Friday, January 13, 2012

Misery Loves Company!!!


I am on top of the world right now! 

I wasn't like this before.  Not like a long time ago but like a year and a half ago is the before that I am referencing!  I am 38 years old right now.  At 37, I remember thinking to myself "I'm gonna die looking like this!"  I didn't want to die or have thoughts of suicide or anything that intense but I just didn't think that I could make the change in my physique that I wanted to.  I remember thinking how "lucky" other women were to be in such good shape!

I knew that if I dieted or ate right or even worked out that it would HELP but I really didn't know deep down inside of me that if I REALLY put my mind to it and REALLY worked at it, I could look like one of those women that I "hated" (read envied the hell out of!)

Instead of trying all of those years, I drank and ate myself "happier."  I would call, text, email my girlfriends and make plans to meet up for dinner, have a few drinks with dinner and "enjoy" ourselves.  I was trying to find true happiness in my food and/or in my alcohol.  I ate, I drank, I got buzzed or drunk, I fell asleep or passed out sometimes, I woke up (hungover which makes you drag and not feel like doing anything) and did it all over again.  Not every day but more days than not.

I had so much fun hanging out with my best friend at the time that I didn't spend time hanging out with anyone but her really.  We had so much in common!  We had "fun" like I couldn't have with anyone else!  We started working out together in April of 2010. We stopped talking in May of 2010.

I am not THAT person anymore. I don't want to be filled with hatred and insecurity and I was.  I don't want to talk about people and point out their issues and their problems so that I can feel better about me or about what I am not doing!  I sobered up and took a look around at my life and cleaned house!!!  And... I HAVE NOT TURNED BACK ONCE!!!  Last I heard she had stopped working out and was still struggling with her weight but I don't know.  I do wish more than anything that she would have stuck with the workouts and stuck with eating right so she could feel the confidence that I feel! She needs it just like I needed it just like you NEED it!!!

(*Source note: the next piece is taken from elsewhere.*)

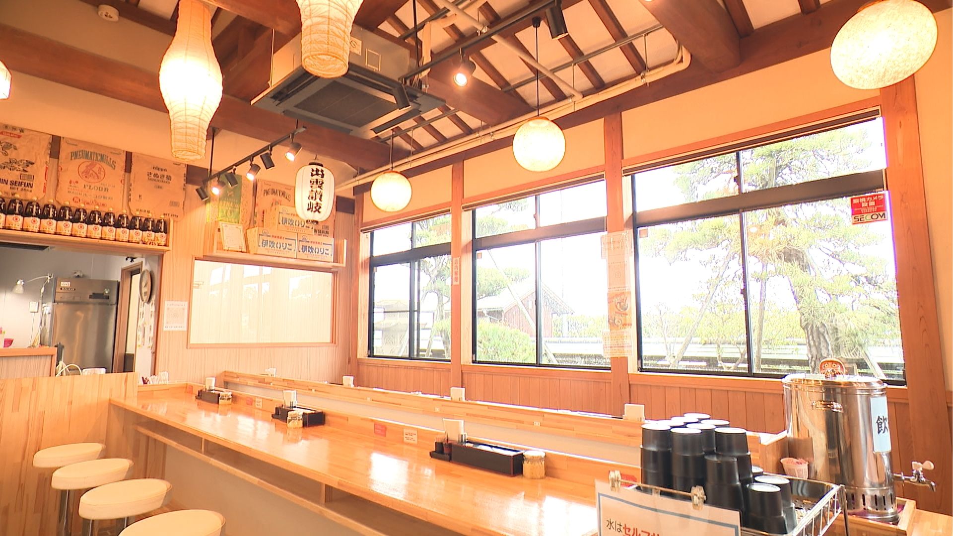 壁には使用している小麦粉のパッケージがインテリアとして飾られており、うどんへのこだわりが感じられます。

Sadly, I see these women all around me.  30, 40, 50 year old women who have not taken care of themselves, not worked out and not dedicated time for themselves.  I see these women at the bar (there is one right next to my gym), I see them at the grocery store, out shopping, eating out - I see them everywhere!  And I know how to spot them - they are the old me!  They join together with their friends for some "girl time" out to dinner or a "girls night out" at the bar.

I am on a MISSION to change the way we "hang out" with each other.  If I can make one woman a day, every day, for the rest of my life make a change in herself and stress the importance of her helping her friends, imagine what we could do?!?!  You HAVE TO decide that you are ready to make a change.  Then, start implementing those changes.  How about a "girls night out" at the gym for Zumba??  Or take turns making clean, healthy meals at home!  You may be surprised with how good of a cook you are or your friends!  Instead of emailing each other the happy hour specials at the local bar, email healthy recipes you're going to try or maybe a new trail to hike?!

It CAN be done -- look at my pictures -- I am not done changing myself -- I am still working -- and I will work every day for the rest of my life on myself - for ME!!!  And I don't just mean working out!  I have tons of energy now.  I feel like I can conquer the world!  I make different goals for myself daily! 

PLEASE think about how much happier you would be with something as simple as sliding into your favorite pair of jeans that aren't so tight you can't stand to wear them!  It is a little step but if one by one we all commit to changing ourselves and helping our friends make changes then the epidemic wouldn't be OBESITY! Imagine an epidemic of FIT, HAPPY, HEALTHY, LEAN, TONED, STRONG, CONFIDENT, ENERGETIC women!!!

We owe it to ourselves and to our friends and family to care about ourselves more, to want more for ourselves and to live the healthiest, happiest life we can!  Why not start today??